In summary, bot detection is not a trivial task and it is difficult to evaluate the performance of our bot detection algorithms due to the lack of certainty about real users scraped from the Twitter API. Even humans cannot achieve perfect accuracy in bot detection. That said, the models we developed over the course of this project were able to detect bots with a high accuracy. They even had comparable performance to well-developed models from industry trained on datasets ten times the size of ours and with more than 1000 features. Adding NLP-related features to our models significantly improved their accuracy on our test set. However, we were most effective at bot detection on an unseen data set using only user-based features. With more time, we would train our NLP models on a larger diversity of bots and users to allow for stronger fingerprinting of bots versus legitimate users.
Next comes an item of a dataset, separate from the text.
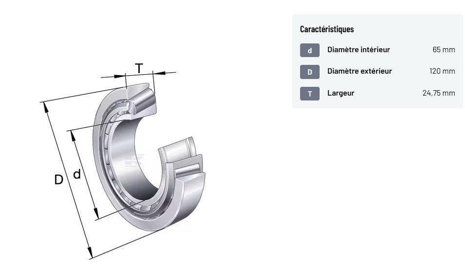 Roulement à rouleaux coniques 65x120x24.75mm

Recommendations for future improvements include:
- Network features
- Tweet timing entropy
- Train and test models on larger datasets
- Study tweet time series evolution with recurrent neural networks
- Streaming bot detection
- Develop a generative adversarial network to develop a bot capable of fooling bot detection algorithms
- Model influence of bots on trending topics
[1] Varol, O., Ferrara, E., Davis, C. A., Menczer, F., & Flammini, A. (2017). Online human-bot interactions: Detection, estimation, and characterization. arXiv preprint arXiv:1703.03107.